This study proposed a method based on image processing techniques and deep CNN architectures for segmentation of blood vessels in retinal images. The method primarily applied image processing techniques to extract blood vessels from the background and standardized the retinal images for the training of the network. The preprocessed images were randomly selected and cropped to certain sizes, which improved training performance through data augmentation. After preprocessing, the network was trained. The resulting network was used to perform segmentation of blood vessels in retinal images.

The proposed method was performed in MATLAB environment on a PC Intel Core i7 @ 2.6 GHz with 16 GB RAM and Nvidia GTX 960 M running Windows 10. The fully CNN was trained on a GPU (graphic processing unit). Training lasts an average of 8 h on a single GPU whereas preprocessing steps are completed much faster. The DRIVE database consists of 20 training and 20 test images. It takes an average of 4.5 s to crop 40,000 random packaged images from the training set and to generate and preprocess 8000 consecutive test packages from the test set.

The proposed method used color fundus images as input. Preprocessing began with the process of transforming the color images into gray level images. Gray level transformation was carried out using Eq. 1. Experiments showed that $ {k}_{\begin{array}{c}r\\ {}\ \end{array}}=0.299 $, $ {k}_{\begin{array}{c}g\\ {}\ \end{array}}=0.587 $ and $ {k}_{\begin{array}{c}b\\ {}\ \end{array}}=0.114 $ were the ideal coefficient values for gray transformation.

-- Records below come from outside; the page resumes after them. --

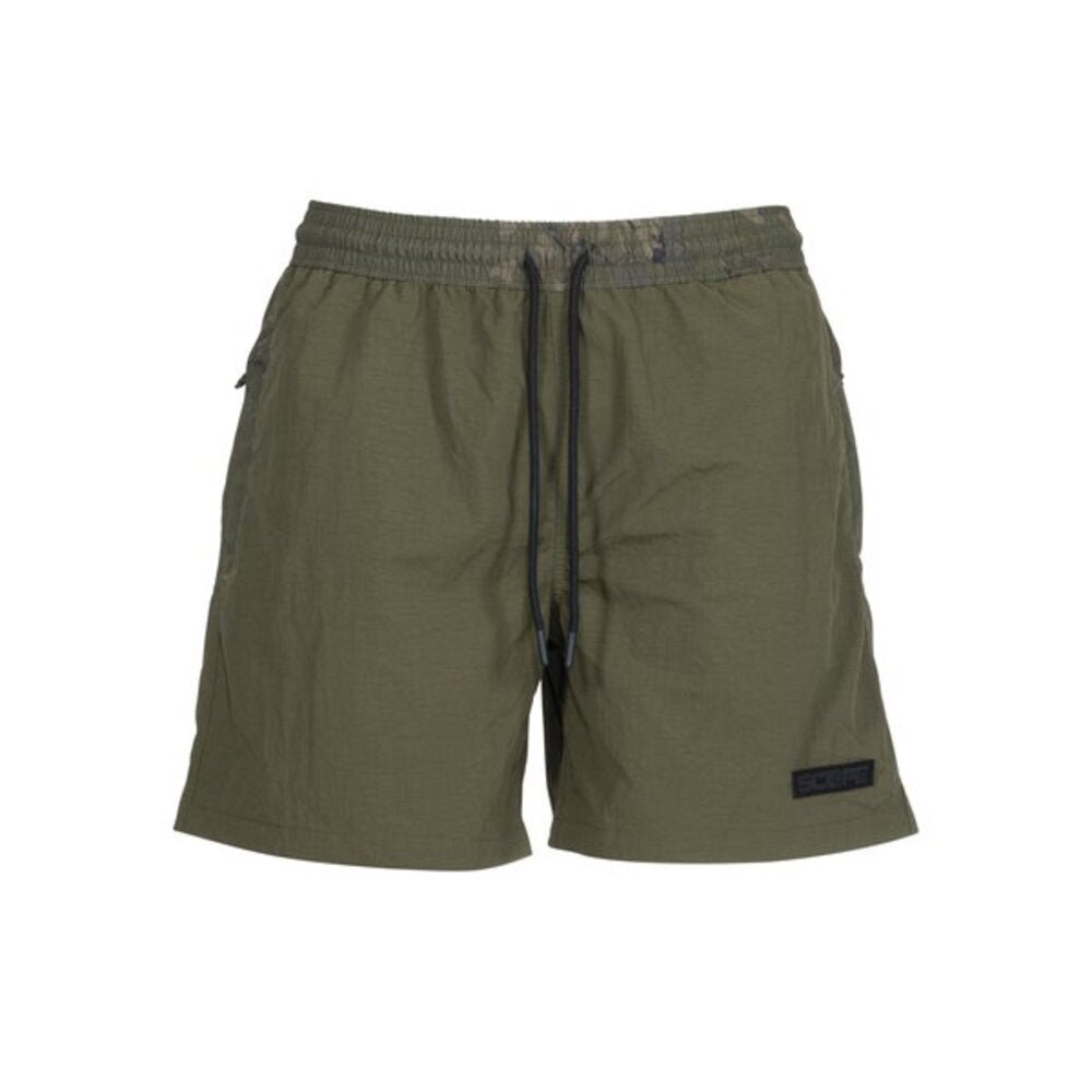 Bañador de la marca Nash modelo Scope Ops Short en color khaki/camuflaje, especial para la pesca de carpfishing.
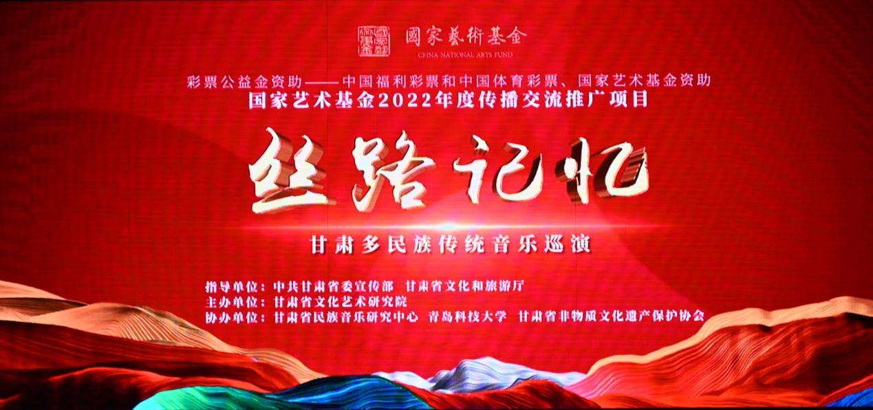 3月25日,“絲路記憶·甘肅多民族傳統(tǒng)音樂(lè)巡演”在甘肅省蘭州市金城大劇院開(kāi)幕。作為2022年度國(guó)家藝術(shù)基金傳播交流推廣項(xiàng)目,“絲路記憶·甘肅多民族傳統(tǒng)音樂(lè)巡演”旨在通過(guò)音樂(lè)展示甘肅的人文風(fēng)貌與民族特色,體現(xiàn)甘肅民族音樂(lè)的藝術(shù)特征,推動(dòng)中華優(yōu)秀傳統(tǒng)文化在高校傳播。
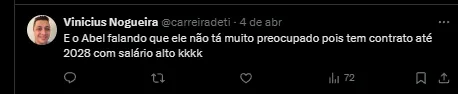 A situação do jogador não é nada boa. Ele ainda não se firmou na equipe de Abel Ferreira e apesar de ter chegado com muita expectativa, não consegue performar bem. O treinador português já falou sobre o momento dele e como ele vai ser usado.
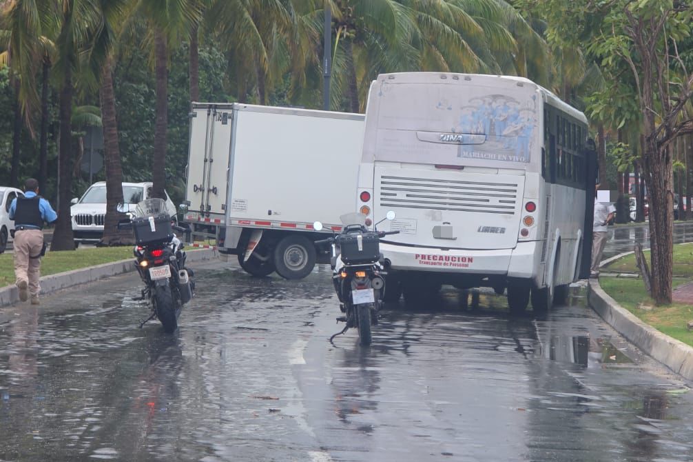 De acuerdo con el reporte preliminar, el conductor del camión no habría tomado en cuenta las condiciones de la vía, lo que provocó que derrapara y terminara colisionando contra el autobús, quedando ambos vehículos detenidos sobre el Bulevar Kukulcán.
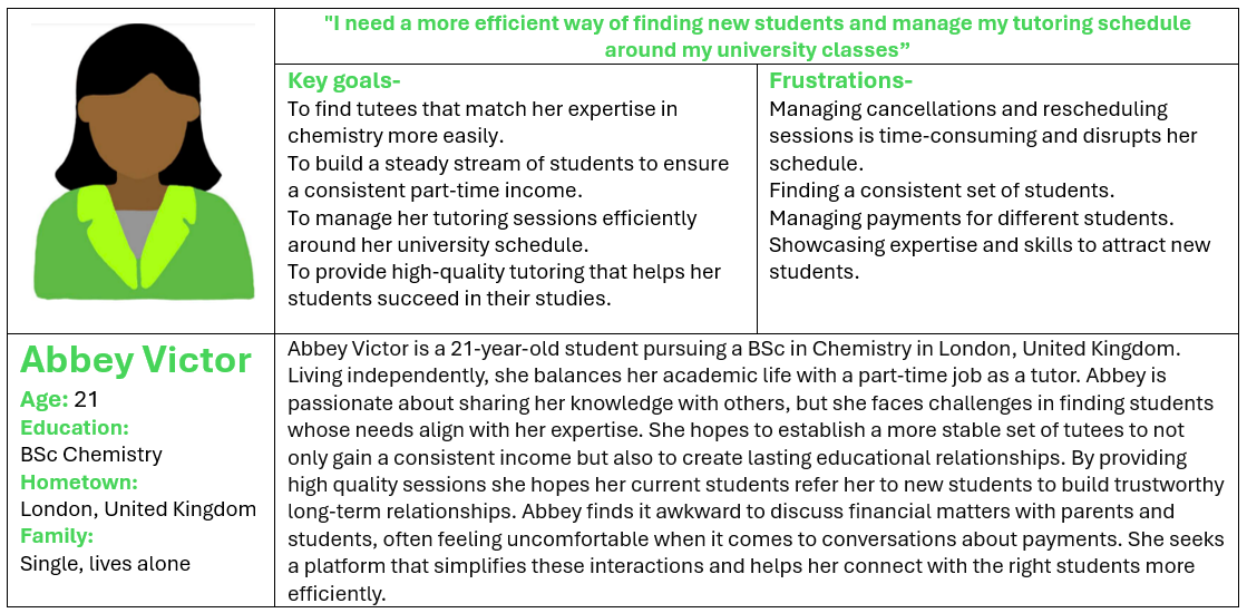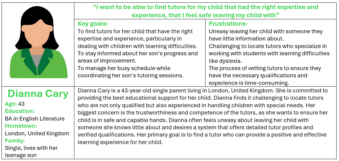 I established user personas so that I can keep my users front and centre throughout the design process without needing to recall every detail from our interviews. These personas also make it easier to explain my design choices. Instead of describing users in vague terms, I can use these personas to tell compelling stories that bring my designs to life and show how they fit into the users' real-world contexts.
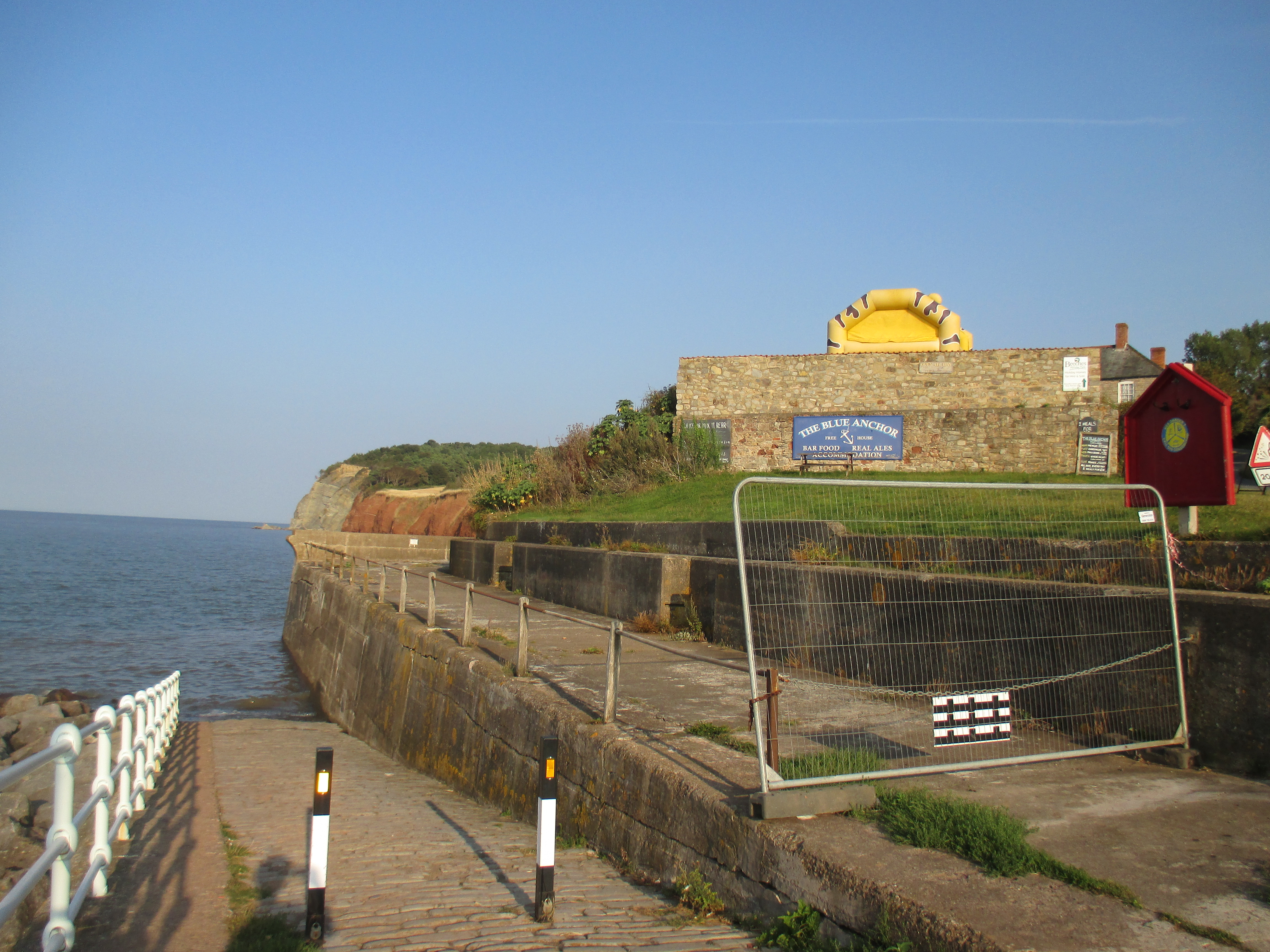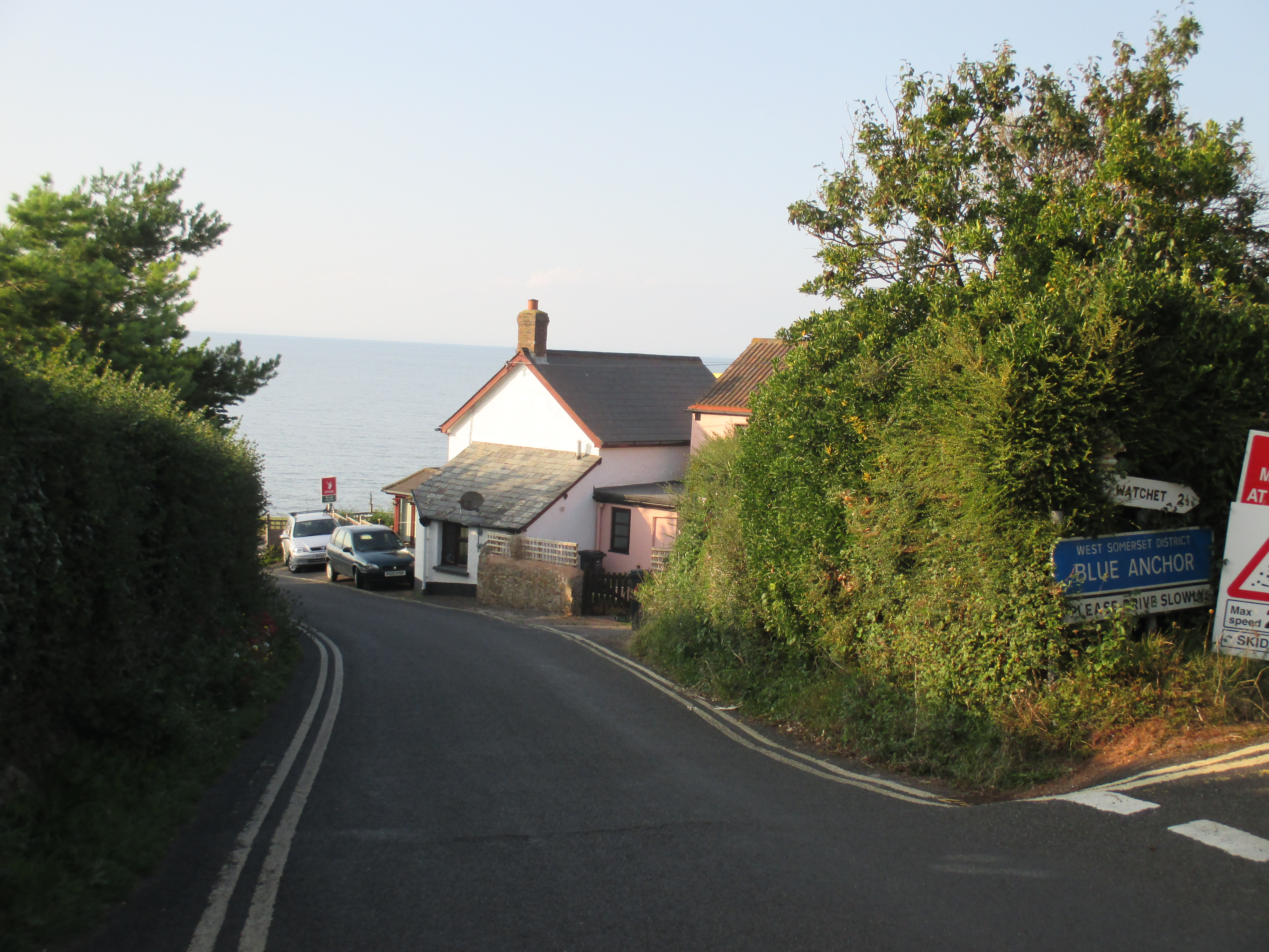 The Ancient Mariner is a haunting warning when humankind transgresses its symbiotic relations with nature, through the guilt and punishment for the killing of an albatross. The Quantocks remain suspended in time and ripe for romantic perambulations of the mind. I travel on, cycling thrugh the sleepy village of Williton, and past signs with the most quaint of instructions. Caution: cats crossing! May I say how happy these kinds of signs make me. Delighted, I detour through Old Cleeve and down to Blue Anchor, a seaside string of holiday cottages, fishermen and a bustling pub where anglers crane over a long promenade in the early evening sun.
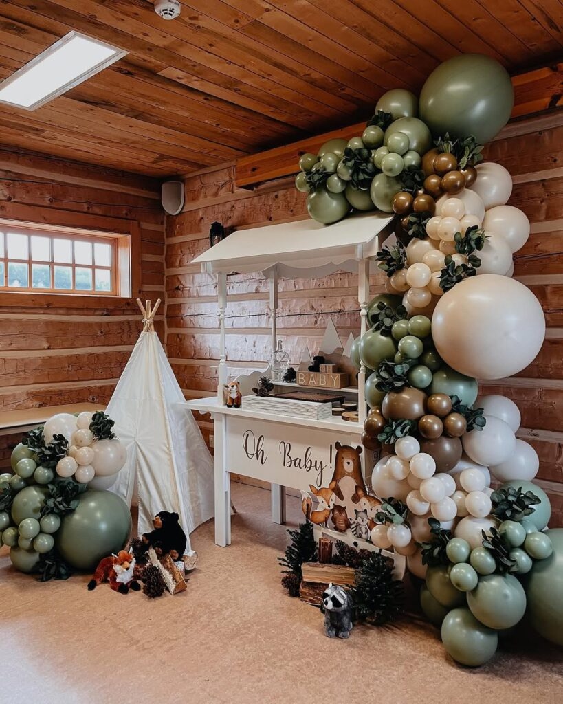 This creative display uses a white wooden candy cart nestled inside a log cabin-style room. A dramatic sage and tan balloon garland spills over the cart, which is decorated with pinecones and small animal plushies. The design is successful because the cart provides a dedicated, organized space for guest favors. The natural wood walls of the room enhance the forest theme perfectly. The energy is very cozy and rustic, feeling like a weekend getaway in the mountains. It makes the act of picking up a gift feel like visiting a charming forest shop. If you don’t have a cart, a simple white table with a canopy can achieve a similar look.
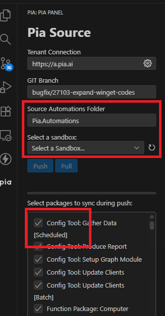 For the extension to work correctly, make sure you are connected to a repo in your local VSCode and have a branch open. The extension will detect the branch and allow you to select a sandbox to pull from Pia down to your local. You can specify the "Source Automations Folder" which is the folder Pia will use inside the workspace to place the automations. Once pulled to local, you can just use the Source Control features of VSCode to commit to the repo (Pia Source doesn't directly commit code to your GIT Repo - you can use the native source control features of VSCode to achieve this).
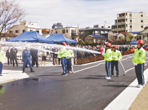 オープニングには、近藤区長、高山区議会議長、地元都・区議、町会関係者、住民らが参加。千寿青葉中学校(野辺隆志校長)の8人の中学生消火隊や千住消防団第5、6分団が放水を披露したほか「非常食+やさい」が配布された。
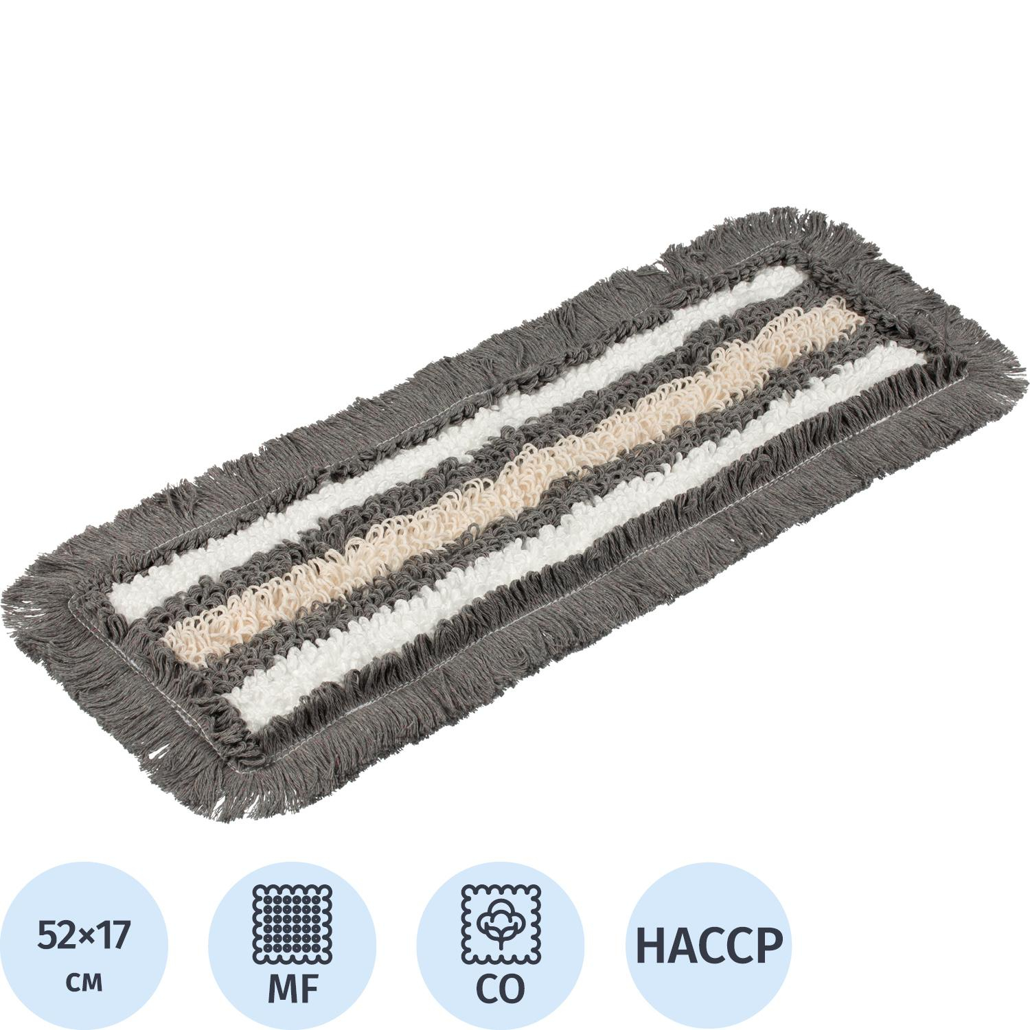 Насадка МОП для швабры-флаундера (плоской) Росмоп хлопок/микрофибра 52×17 см бежевая/серая/белаяПетельный комбинированный МОП из серой пряжи подходит для уборки после ремонта, генеральной и ежедневной поддерживающей очистки. Серый цвет делает МОП менее марким при длительной эксплуатации, а белые вставки из микроволокна позволяют контролировать степень загрязнения в процессе работы.МОП легко скользит по полу, удобен в использовании и обеспечивает высокое качество очистки. Ряды петель расположены плотно, что снижает износ и продлевает срок службы. Благодаря термической обработке серых волокон в процессе окрашивания, из них удалены остатки масляных пропиток, поэтому МОП демонстрирует максимальное влагопоглощение уже при первом применении.Подходит для использования с различными типами держателей. Средний срок службы — 5-6 месяцев. Материал: хлопок и микрофибра.

Gray level normalization was then performed. Afterwards, CLAHE was applied to the normalized images. In this process, 8 × 8 pixel dimensions were selected for image sub-regions. Normal distribution was selected for the histogram equalization intensity distribution. Lastly, gamma correction was performed, and the optimal gamma was found to be 0.833. In the last step, the gray level of the image ranged from 0 to 1.

After preprocessing, data augmentation was performed by dividing an input image into small regions in order to increase the amount of data, and thereby, to improve training performance. The data set consisted of 40 retinal images along with manually segmented versions. 2000 images (28 × 28) were extracted from each training image. Figure 5 shows the image slices. A total of 40,000 image slices were prepared for training.

Striding step 5 was selected, and the test images were sequentially cropped from the full image to obtain image slices (28 × 28). A total of 246,340 image slices (12,317 per image) were obtained.

Data augmentation was followed by the generation of fully CNN for segmentation of retinal blood vessels. Figure 6 shows the overall structure of the network. CL is the convolution layers, BNL is the batch normalization layers, MP is the maximum pooling, and TCL is the transpose convolution layer (upsampling).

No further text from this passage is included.